With a population of approximately 14 million people, close to 5 million of these people in Chile are located at its capital, Santiago. The ethnic composition of Chile is 95 percent mestizo (that is, a population of mixed of Indian and European blood), a further 3 percent pure Indians (a majority of whom are Araucanian), and members of the European descent constituting less than 2 percent (Roraff & Camacho 2007).

Spanish is the official language in Chile, although some of the business people and employees of tourist centers speak English quiet eloquently. In spite of Chile lacking an official religion, nevertheless 78 percent of the population identifies themselves with the Roman Catholic faith, and 13 percent of them are Protestants. Still there is quiet a fairly large number of Chileans who consider themselves to be atheists.

Even after independence, Chile continued to hold onto an aristocratic and rigid society of land owners, who were descendants of the initial settlers from Spain. From here, there was a lesser class of domestic servants and peasants. The aristocratic land owners managed to shield themselves from paying hefty taxes. Voting was also on the basis of literacy and property qualifications, and this locked out most of the peasants (Roraff & Camacho 2007).

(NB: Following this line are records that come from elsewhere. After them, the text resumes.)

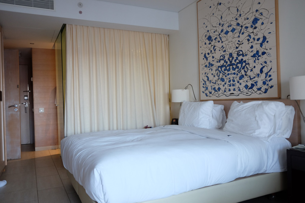 As strange as it sounds, a glass wall separated the bathroom from the bedroom creating an open bathroom concept (if you wanted privacy you could close a curtain in front of the glass wall), but like the rest of the hotel it was a stylish addition to your bedroom.
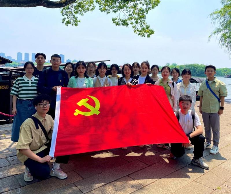 奉贤本科生党支部组织前往嘉兴南湖开展参观学习活动。党支部书记秦诚、教工党员邵桐以及学生预备党员、发展对象、入党积极分子参加活动。访红船学党史,重实践悟精神。
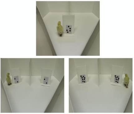 Rosa Rogani进行了如下实验,她们在一个有五个小正方形的挡板后方放置了蜡虫,以此训练小鸡为了寻找食物走向挡板。经过训练后,将这个挡板撤走,换成两个带有相同数目的小正方形的挡板,分别置于左右两边,如图1。实验结果显示,当两个挡板的小正方形个数为2时,小鸡自发的走向左边挡板的概率超过70%。相反,当两个挡板的数量为8时。小鸡走向右边挡板的概率更高(资料来源:http://theconversation.com/like-most-humans- chicks-count-from-left-to-right-36736)。另外,其他研究在恒河侯(Rugani,Kelly,Szelest,Regolin和Vallortigara,2010)和7个月大的婴儿(de Hevia和Spelke,2010)中也发现了类似的效应。因此,这说明SNARC效应具有先天性。
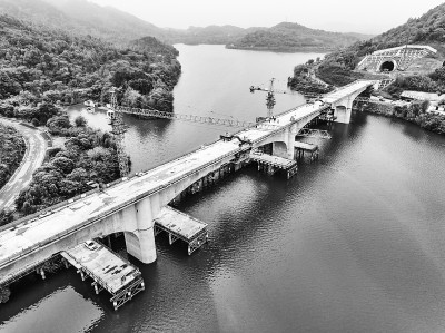 4月12日,由中铁五局承建的成渝中线高铁全线控制性工程玄天湖双线大桥顺利合龙。玄天湖双线大桥全长460.561米,位于重庆市铜梁区玄天湖4A级景区内,环保要求高,施工难度大。新华社记者 唐奕摄
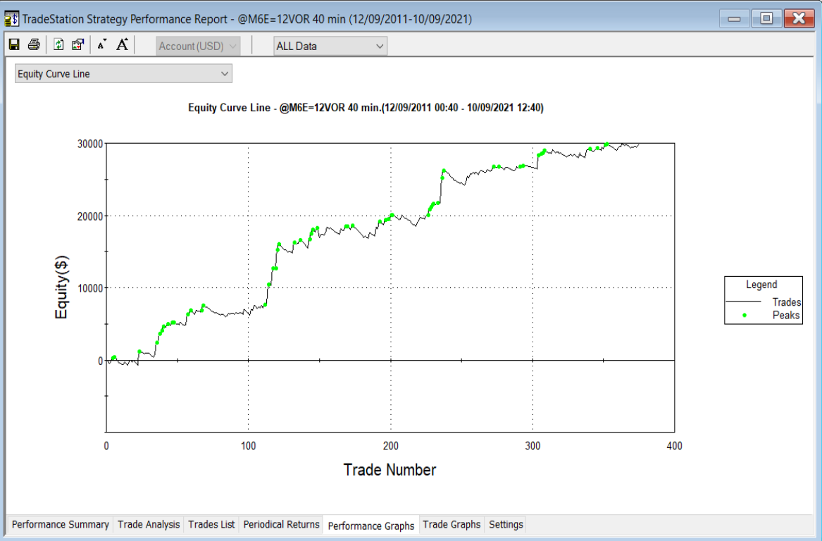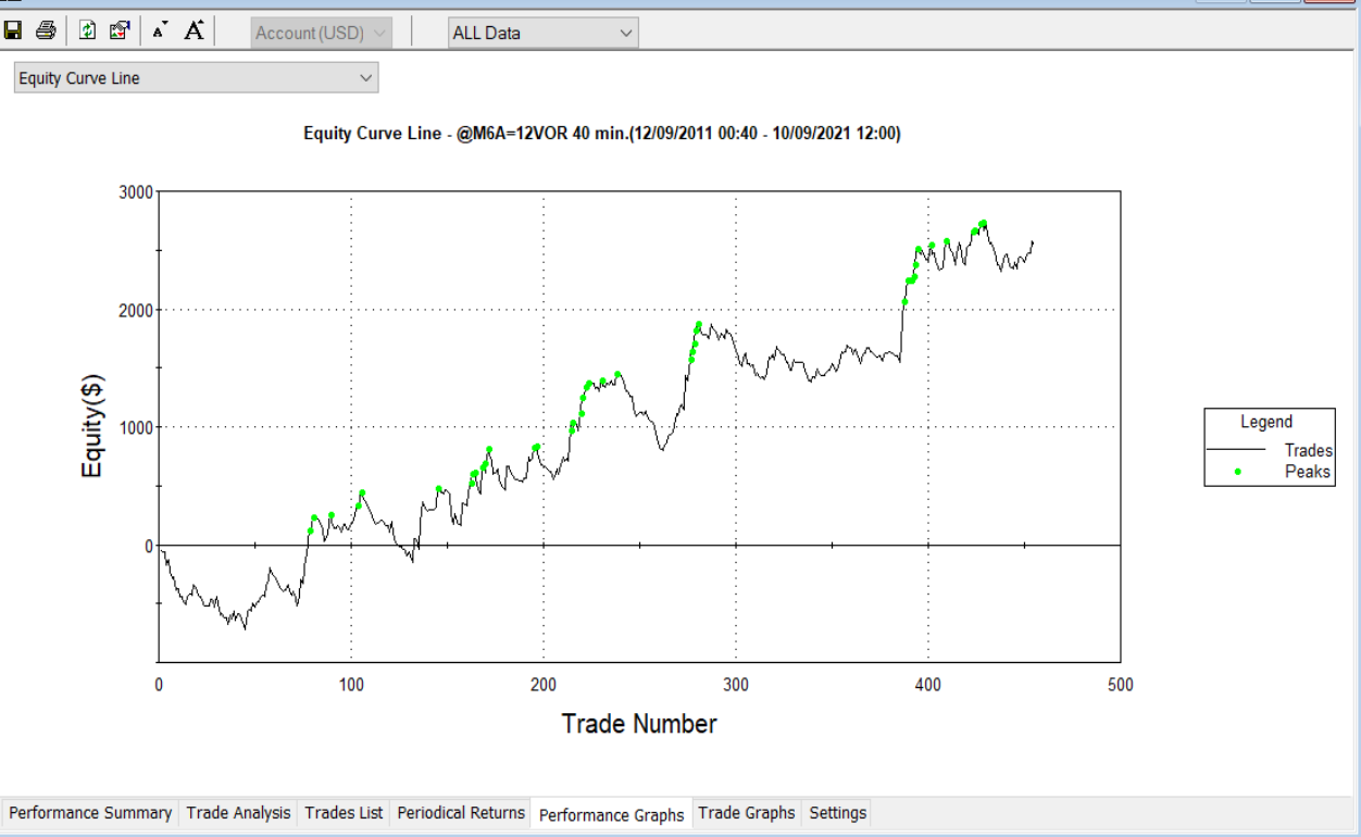 Por ejemplo, para el EURUSD, operando con tres contratos tiene esta curva:

There was a rapid rise of the Chilean middle class during the latter period of the 19th century. This was mainly made up of educated mestizos. With growth in both industries and trade, and specifically after the post world war one collapse of the hitherto aristocrat-controlled nitrate market, there resulted a relaxation on the land owning rights. As a result, new groups of professional people, manufacturers, traders, and intellectuals started occupying the middle class, with mounting calls for reforms (Roraff & Camacho 2007). These groups were out to capture the government’s attention, in addition to their attempts at promoting social and economic change.

At the moment, the social structure in Chile could be categorized into roughly three groups or classes. The upper class is made up of aristocratic land owners, wealthy merchants and industrialist, military men, and politicians. Even though these two segments that constitutes the upper class have both prestige and power as common attributes, they however do not see eye to eye economically and politically. Both these groups were in support of a military rule, although a majority of them resorted to a reinstallation of democracy by the end of the 1980s (Roraff & Camacho 2007).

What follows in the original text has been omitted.